Helping People Be Successful

Does Project Management Accurately Represent Work?

Over the years, I’ve worked with so many different organizations, executives and line staff that I increasingly wonder if project management represents an accurate, and therefore helpful model for how people work.  Does project management maturity model represent reality for most of us?

I don’t think so, at least in terms of how the majority of our time is structured.  In fact, I believe a todo or task management maturity model might be a better fit for most organizations. There is a lot of excellent material written about project management maturity models, addressing the degree to which or how complete, how systematic and how comprehensively organizations utilize a project management system to organize and complete their work.

However, if you take a deeper look at most organizations, aside from formal schedule based production work, like you might see in construction or a production environment, the project management maturity model doesn’t seem to match up to how work gets organized 95% of the time.  Often it sounds like another universe.

Why? First of all I don’t think most people’s work gets organized into projects.  I think for most people it gets organized into a series of habits and tasks… You know, stuff you need to do as part of the job, which if it you’ve been working it very long, you know from experience (e.g. it’s a list in your head).  Secondly it’s stuff that comes in via various “channels”, e.g. email, meeting requests, phone calls, and deadlines of one sort or another, which may be written down somewhere or in multiple places, or it may be represented by folders stacked on your desktop, a collection of phone messages… maybe post-it notes stuck to your monitor.  Note that referencing a project plan is probably not one of the predominant input channels for most people.

Let’s face it, most of us spend relatively little time working a project plan, mostly our day would be better represented by a series of written and unwritten todos.

After facing the reality that most of work is organized around todos, not project plans and the supporting work breakdown or task structure, something else strikes me.    For the most part, we are not plan driven, we are “prompt” driven.  By that I mean we rely upon prompts (not a project plan) to get to the next todo.  The basic prompts we all use are:

  • A calendar (if its not in my calendar it doesn’t get done – some might say),
  • Email, (checking your inbox)
  • Visual reminders (stacked papers, stacked folders, a white board),
  • Verbal reminders (admins, phone calls, meeting communication),
  • Memory (internal reminders) and
  • Todo lists – whether in fragments or all in one place.
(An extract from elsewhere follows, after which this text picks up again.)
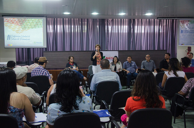 “Essa IV Conferência é muito importante e tem várias singularidades, principalmente por este momento do país, que tem afetado a democracia. Quando nós, do Estado, pensamos a Conferência, esse processo tinha sido interrompido no país (por parte do Ministério da Cultura, que não convocou nova Conferência Nacional de Cultura). Levamos esse debate para os conselhos estaduais de cultura de Pernambuco e a conclusão foi de realizar a conferência. Nas democracias consolidadas, a realização de conferências é prática comum de diálogo amplo com a sociedade civil, todas as vezes em que temas estratégicos precisam ser discutidos e pactuados para o desenvolvimento de uma política pública”, pontuou a secretária-executiva de Cultura Silvana Meireles, em sua fala na última pré-conferência, que reuniu dezena de fazedores de cultura do Sertão do Moxotó, no município de Arcoverde.

My observations are that most people we work with not only infrequently reference a project plan, but they also would generate more immediate benefits from improving on todo management than project management.  Better management of todos across an organization is the prime area to improve on for a majority of organizations, if not a precursor to improved project management.

Maybe instead of project management maturity model, we need to focus on a maturity model for todo management, e.g. to generate a “maturity of systematic approach” to the structure for managing todos to result in improving the success rate at delivering on objectives, budgets and timelines. Here’s a couple of initial suggestions about what a mature Todo Management system might look like:

1. Todos’ are visible and leveraged by tracking in one system.  In this system, todos represent a fundamental work tracking system that needs to be formalized, not scattered across various systems.

2. The formal system provides a prompting for delivery of todo based requests and commitments (within a calendar, within a list, auditory and email prompts).

3. Most people gain from attaching todos to topical based outlines, as that seems to help secure memory associations and help avoid details slipping through the cracks.

4. Most people need a follow-up system when assigning todos to others, e.g. a vehicle for getting feedback on the request they made, without having to initiate the follow-up themselves.

5. Incoming email, including attachments, needs to be easily parsed and reformulated into todos that are frequently embedded in the content.

Un-abashed Plug.  If you are interested in improving todo and task management at your work place, we don’t think there is a better system for managing todos, attaching them to a concept based outline of departments and project listings, and assigning and tracking them across people than ManagePro.  In the upcoming next release we even provide a performance measurement based on each individuals’ ability to complete todos each day.

Bottom Line: The maturity of an organization’s system and process for managing todos may better predict an organized work flow and positive outcomes than a project management maturity model. Does it for the organization you work in?